Just this past week, we’ve spotted the harlequin ducks on the creek, within a week of the time they show up every year – shortly after the sandhill crane migration has moved further north. Friends on Haida Gwaii report seeing over 200 of the ducks just offshore from Sandspit. Why some choose mountain streams and others stay on the coast is a mystery. Maybe for the same reasons some of us leave the salt chuck and head for the mountains.
I wrote this post for my Say The Names blog back in May, 2012 and thought I’d share it here.
We’ve been out looking for a couple of weeks now, wandering the edges of the creek, noting the rise and fall of the water, the muddy and nutrient foam tricking our eyes into seeing ducks bobbing in the back eddies.
This morning, just across from a small viewing platform in Driftwood Canyon Provincial Park, we saw the usual three: two males and a female. We stood high up on one bank of the creek; they hopped up onto rocks on the other side and we all had a good look at each other.

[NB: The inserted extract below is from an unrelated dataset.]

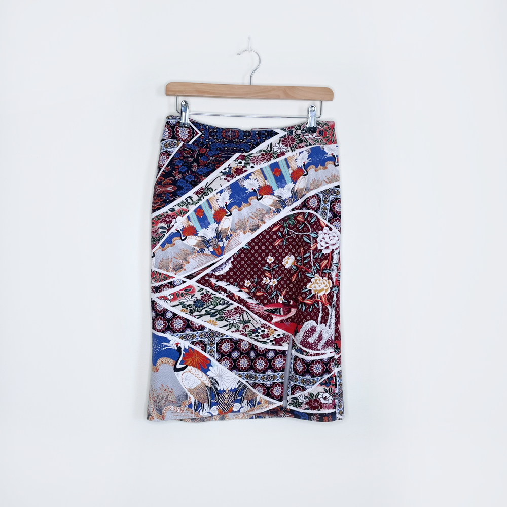 maeve vianna stretch knit asian crane pencil skirt - size medium

There’s a fascinating Species at Risk Study
that outlines their use of creeks for breeding – they tend to form long-term bonds and the females will take up to four years to reach reproductive maturity. Having clear, fast-flowing streams seems to be essential to their survival because they feed on the “invertebrates in the substrate” – i.e. all the little creatures wriggling around in creek gravel. Dippers eat from the same table.
They are both markers of the ways in which home is one specific and familiar place connected to the greater world in ways we barely comprehend.